They're going to be corporate, fun, giveaways


----------



## dizzyizzy (Mar 30, 2008)

How many do you need? Our Oz office got around 200 of them off Ebay, used shop and ship to get them to Sydney from the USA and then just paid locally to have them branded and gift wrapped. It took some time but they looked adorable and the party guests loved them


----------



## dizzyizzy (Mar 30, 2008)

and If understand correctly they could've got them directly from the Chinese manufacturer but with Chinese new year etc it was not feasable. Easier to buy them from ebay, they are relatively cheap and come in packs of 10.


----------



## twowheelsgood (Feb 21, 2013)

Like these ?

No idea as they are storage and I cannot look on the bottom of them to check.


----------



## vantage (May 10, 2012)

maybe contact Yas Waterworld?

They did a big charity duck thing at the tail end of last year. I'm sure they bought hundreds, if not thousands.


----------



## vantage (May 10, 2012)

Stevesolar said:


> Silly question - but what are you going to use them for?
> Reason I ask is that we had some when our son was young. We used to play with them in the bath and squirt water out of them.
> Problem came at end of bath when a small amount of dirty bath water remained inside the ducks. This then festered until the next bath and got mixed with fresh bath water and then squirted in sons face!
> This is major cause of belly upsets in young kids and should therefore be avoided.
> ...


to be honest, things like that that give kids belly upsets are not a bad thing!

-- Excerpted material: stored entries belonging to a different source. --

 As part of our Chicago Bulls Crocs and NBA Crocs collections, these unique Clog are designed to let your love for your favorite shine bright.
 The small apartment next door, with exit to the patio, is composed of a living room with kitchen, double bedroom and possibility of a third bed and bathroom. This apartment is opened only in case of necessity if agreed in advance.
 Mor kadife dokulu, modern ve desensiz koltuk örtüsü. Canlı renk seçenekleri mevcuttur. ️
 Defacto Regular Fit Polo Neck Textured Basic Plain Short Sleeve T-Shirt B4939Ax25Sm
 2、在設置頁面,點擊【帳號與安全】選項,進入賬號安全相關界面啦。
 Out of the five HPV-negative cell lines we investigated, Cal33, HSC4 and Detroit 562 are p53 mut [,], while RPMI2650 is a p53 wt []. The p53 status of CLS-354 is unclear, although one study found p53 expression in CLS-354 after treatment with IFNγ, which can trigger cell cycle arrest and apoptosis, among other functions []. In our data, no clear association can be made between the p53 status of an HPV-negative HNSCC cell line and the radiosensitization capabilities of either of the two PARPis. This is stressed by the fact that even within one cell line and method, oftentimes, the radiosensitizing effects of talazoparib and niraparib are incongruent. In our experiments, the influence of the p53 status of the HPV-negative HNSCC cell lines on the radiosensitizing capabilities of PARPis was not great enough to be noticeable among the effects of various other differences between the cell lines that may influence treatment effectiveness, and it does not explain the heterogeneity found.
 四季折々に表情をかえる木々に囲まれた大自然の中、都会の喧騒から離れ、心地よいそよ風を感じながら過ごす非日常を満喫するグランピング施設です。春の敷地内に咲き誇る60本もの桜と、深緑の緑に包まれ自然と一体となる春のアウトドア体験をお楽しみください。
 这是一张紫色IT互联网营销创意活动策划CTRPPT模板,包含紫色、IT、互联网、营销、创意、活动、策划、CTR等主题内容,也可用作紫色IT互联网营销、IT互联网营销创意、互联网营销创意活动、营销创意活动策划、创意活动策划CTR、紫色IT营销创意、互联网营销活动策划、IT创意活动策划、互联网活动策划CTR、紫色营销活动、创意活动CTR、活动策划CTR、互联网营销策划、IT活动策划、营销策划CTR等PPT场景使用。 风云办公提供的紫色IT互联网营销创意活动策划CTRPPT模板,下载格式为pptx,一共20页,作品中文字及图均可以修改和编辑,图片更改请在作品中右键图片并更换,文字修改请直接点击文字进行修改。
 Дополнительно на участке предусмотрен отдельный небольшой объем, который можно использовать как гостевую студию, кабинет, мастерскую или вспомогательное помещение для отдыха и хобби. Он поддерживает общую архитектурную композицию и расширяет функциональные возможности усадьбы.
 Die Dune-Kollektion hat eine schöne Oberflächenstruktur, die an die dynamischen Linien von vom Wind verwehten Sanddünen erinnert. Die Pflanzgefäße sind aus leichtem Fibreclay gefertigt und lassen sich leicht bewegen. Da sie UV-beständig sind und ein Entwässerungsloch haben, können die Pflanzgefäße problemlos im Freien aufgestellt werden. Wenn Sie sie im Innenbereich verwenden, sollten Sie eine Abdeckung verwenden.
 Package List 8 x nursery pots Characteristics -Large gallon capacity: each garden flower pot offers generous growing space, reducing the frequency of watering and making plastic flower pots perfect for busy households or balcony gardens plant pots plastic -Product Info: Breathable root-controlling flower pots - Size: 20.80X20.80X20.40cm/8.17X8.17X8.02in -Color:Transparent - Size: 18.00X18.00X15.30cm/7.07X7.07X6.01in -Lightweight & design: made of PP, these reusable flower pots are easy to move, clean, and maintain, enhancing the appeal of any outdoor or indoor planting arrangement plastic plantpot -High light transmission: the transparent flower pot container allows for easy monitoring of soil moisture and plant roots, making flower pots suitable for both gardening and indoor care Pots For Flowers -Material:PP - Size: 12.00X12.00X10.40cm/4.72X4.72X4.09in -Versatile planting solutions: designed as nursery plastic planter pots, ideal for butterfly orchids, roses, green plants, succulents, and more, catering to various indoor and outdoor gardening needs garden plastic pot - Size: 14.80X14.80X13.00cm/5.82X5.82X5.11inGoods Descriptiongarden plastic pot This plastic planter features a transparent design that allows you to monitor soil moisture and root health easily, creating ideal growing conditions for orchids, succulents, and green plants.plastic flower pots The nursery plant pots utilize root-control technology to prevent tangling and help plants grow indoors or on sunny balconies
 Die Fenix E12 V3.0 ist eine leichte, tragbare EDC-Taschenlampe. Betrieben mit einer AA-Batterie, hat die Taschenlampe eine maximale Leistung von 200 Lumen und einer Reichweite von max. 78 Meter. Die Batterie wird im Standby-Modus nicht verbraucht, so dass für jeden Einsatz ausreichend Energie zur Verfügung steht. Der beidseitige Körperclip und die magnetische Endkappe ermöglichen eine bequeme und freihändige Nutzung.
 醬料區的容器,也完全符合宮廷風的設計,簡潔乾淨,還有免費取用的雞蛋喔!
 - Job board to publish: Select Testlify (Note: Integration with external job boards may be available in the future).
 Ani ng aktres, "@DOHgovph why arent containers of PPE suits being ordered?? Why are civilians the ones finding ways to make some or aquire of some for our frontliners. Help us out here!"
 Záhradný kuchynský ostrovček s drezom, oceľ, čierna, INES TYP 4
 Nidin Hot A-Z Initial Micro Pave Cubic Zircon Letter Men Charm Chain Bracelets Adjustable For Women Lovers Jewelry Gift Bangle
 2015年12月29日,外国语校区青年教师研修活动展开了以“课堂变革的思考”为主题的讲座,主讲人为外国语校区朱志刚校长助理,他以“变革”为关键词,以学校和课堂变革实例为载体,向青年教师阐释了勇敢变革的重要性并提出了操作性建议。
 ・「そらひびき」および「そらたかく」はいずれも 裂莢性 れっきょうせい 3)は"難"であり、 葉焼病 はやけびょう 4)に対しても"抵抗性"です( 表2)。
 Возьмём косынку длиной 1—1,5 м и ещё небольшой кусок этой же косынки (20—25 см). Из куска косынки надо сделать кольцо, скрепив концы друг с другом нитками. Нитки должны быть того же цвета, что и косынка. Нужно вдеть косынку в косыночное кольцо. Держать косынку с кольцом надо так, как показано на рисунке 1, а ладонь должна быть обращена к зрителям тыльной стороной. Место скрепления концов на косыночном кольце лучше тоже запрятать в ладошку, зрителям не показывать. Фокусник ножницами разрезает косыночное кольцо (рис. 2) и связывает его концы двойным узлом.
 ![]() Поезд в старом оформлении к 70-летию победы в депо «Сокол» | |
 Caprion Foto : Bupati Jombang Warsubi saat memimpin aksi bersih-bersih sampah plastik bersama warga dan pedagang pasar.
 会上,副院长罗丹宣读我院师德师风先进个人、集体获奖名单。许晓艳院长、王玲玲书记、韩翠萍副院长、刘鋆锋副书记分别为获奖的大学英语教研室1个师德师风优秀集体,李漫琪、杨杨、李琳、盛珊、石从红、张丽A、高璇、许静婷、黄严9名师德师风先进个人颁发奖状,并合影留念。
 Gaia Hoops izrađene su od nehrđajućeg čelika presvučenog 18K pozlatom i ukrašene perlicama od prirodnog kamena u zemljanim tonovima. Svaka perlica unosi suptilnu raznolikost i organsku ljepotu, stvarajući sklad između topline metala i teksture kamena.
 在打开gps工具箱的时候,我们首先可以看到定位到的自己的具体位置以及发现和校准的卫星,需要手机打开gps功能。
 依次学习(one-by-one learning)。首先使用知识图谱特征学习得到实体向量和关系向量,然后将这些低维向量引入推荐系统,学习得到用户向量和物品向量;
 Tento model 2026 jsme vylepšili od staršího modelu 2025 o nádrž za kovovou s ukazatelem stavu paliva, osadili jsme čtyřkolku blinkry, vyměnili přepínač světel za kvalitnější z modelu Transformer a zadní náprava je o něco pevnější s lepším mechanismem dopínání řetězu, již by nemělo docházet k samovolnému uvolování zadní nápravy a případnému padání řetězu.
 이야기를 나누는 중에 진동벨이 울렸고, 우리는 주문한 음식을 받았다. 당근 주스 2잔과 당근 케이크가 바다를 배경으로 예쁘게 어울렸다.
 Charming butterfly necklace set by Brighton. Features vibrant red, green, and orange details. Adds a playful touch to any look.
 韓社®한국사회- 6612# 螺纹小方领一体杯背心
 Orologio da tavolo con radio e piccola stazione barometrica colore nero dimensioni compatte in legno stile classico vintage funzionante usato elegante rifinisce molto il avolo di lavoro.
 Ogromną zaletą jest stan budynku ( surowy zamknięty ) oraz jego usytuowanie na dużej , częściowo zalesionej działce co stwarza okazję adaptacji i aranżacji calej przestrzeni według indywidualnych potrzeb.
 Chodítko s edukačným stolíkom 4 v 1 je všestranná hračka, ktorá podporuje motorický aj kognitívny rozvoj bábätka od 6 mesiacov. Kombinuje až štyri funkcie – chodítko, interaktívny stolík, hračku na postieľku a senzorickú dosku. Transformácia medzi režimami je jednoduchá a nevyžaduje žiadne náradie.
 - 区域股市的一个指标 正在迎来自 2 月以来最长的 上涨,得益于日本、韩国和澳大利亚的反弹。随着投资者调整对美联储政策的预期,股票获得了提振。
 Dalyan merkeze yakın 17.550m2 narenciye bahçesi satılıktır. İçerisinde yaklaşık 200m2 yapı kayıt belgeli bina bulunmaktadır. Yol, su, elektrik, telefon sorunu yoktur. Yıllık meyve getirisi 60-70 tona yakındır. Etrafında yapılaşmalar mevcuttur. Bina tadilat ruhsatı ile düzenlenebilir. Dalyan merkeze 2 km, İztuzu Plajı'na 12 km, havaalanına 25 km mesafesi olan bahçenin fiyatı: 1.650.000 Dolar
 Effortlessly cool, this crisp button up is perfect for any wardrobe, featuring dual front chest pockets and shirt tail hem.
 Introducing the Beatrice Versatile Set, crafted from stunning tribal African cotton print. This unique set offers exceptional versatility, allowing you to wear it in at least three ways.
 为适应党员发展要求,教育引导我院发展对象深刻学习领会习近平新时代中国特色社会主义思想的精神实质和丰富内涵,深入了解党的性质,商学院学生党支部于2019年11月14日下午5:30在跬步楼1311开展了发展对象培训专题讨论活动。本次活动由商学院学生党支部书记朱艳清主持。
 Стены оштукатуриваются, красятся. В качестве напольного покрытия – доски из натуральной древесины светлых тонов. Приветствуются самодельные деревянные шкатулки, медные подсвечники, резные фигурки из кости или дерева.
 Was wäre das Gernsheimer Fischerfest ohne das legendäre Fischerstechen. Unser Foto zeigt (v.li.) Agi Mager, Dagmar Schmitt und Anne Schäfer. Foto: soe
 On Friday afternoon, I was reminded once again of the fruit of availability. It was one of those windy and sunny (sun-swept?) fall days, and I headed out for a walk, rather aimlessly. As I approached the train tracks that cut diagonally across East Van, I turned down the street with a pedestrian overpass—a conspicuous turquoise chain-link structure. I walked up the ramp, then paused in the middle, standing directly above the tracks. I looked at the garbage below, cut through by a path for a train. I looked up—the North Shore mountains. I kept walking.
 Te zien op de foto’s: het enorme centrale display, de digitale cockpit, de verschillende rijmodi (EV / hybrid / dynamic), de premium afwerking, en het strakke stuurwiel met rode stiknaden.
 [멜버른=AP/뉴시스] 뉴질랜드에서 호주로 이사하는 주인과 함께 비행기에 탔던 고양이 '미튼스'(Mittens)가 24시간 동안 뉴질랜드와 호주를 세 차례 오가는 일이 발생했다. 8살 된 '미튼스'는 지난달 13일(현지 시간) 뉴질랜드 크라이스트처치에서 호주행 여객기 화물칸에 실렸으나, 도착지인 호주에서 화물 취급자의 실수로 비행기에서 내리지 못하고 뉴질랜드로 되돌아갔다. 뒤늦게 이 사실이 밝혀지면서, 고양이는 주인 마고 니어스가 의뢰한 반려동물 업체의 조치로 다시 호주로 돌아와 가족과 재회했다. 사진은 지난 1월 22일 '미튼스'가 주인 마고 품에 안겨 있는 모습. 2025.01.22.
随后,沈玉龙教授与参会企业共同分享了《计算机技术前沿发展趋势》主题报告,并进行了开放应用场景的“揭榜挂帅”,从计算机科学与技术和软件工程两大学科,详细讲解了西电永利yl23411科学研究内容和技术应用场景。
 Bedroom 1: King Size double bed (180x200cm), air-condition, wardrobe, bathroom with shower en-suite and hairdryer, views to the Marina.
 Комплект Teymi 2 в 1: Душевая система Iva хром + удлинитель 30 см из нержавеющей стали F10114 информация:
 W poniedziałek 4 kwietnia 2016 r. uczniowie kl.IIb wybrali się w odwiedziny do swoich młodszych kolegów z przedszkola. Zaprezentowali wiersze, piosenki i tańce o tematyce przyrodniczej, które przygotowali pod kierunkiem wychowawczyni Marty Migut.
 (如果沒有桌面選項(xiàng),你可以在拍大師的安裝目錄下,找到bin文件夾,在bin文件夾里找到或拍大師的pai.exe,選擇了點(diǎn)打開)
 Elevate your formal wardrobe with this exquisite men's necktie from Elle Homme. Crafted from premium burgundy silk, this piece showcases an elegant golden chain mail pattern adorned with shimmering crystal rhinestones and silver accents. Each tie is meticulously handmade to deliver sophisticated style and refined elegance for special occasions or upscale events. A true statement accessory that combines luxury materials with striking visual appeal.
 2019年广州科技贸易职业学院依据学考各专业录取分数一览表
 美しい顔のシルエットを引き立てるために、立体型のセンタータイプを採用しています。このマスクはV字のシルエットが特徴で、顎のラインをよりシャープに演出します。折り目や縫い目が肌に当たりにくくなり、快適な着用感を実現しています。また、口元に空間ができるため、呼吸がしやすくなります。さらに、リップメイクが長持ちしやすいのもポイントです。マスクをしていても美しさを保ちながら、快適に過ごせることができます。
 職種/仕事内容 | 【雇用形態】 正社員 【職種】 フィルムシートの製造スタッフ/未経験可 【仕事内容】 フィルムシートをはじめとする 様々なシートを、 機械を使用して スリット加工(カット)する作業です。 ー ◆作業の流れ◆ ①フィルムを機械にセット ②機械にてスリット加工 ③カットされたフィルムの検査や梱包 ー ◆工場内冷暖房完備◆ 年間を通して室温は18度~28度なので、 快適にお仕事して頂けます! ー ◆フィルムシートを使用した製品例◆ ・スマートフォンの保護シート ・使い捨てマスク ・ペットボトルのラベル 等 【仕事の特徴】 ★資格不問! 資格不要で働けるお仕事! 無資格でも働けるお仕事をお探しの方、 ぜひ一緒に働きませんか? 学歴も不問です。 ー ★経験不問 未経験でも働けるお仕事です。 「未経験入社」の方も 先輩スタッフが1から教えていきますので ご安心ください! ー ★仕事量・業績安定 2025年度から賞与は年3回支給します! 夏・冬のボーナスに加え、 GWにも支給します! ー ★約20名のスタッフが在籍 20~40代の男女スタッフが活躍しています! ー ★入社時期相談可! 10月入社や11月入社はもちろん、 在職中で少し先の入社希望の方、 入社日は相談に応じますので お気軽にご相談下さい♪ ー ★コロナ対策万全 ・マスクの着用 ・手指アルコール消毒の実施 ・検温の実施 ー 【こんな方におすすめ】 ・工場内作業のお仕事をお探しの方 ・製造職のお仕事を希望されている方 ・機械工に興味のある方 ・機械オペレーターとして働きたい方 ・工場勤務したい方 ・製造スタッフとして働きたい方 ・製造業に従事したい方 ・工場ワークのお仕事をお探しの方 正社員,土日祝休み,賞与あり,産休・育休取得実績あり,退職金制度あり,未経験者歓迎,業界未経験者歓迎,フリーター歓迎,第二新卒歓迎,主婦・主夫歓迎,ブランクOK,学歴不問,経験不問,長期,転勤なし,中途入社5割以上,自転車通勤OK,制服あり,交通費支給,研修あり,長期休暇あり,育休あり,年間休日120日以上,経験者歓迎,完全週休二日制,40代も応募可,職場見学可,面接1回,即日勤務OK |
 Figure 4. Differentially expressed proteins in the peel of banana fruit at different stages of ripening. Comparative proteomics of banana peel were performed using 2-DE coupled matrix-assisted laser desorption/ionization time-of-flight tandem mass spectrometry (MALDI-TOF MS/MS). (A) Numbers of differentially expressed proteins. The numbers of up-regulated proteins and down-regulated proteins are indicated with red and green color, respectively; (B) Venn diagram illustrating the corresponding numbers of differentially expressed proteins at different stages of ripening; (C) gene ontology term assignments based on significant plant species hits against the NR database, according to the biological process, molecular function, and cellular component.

i grew up on a farm, regularly fell into cowpats etc. and being septic tank based, it was also a bleach-free household.
My brother and i both still have the constitution of an ox, and generally avoid the usual illnesses that do the rounds. The downside is we end up on duty when everyone else is sick, and never get a chance to go for the sympathy vote!
17 years in full time work. 1 sick day (and that was a hangover)

sorry - back on topic...


----------



## Fat Bhoy Tim (Feb 28, 2013)

Rubber Ducky, you're the one. You make bath time a lot of fun. Rubber Ducky, I'm awfully fond of yooooooooooooooooou!


----------



## BedouGirl (Sep 15, 2011)

Thanks everyone. I will be checking EBay and humming along with Tim


----------



## pamela0810 (Apr 5, 2010)

I'll PM you the name of a company in Dubai that specialises in corporate giveaways among other things.


----------



## BedouGirl (Sep 15, 2011)

pamela0810 said:


> I'll PM you the name of a company in Dubai that specialises in corporate giveaways among other things.


Thanks doll.


----------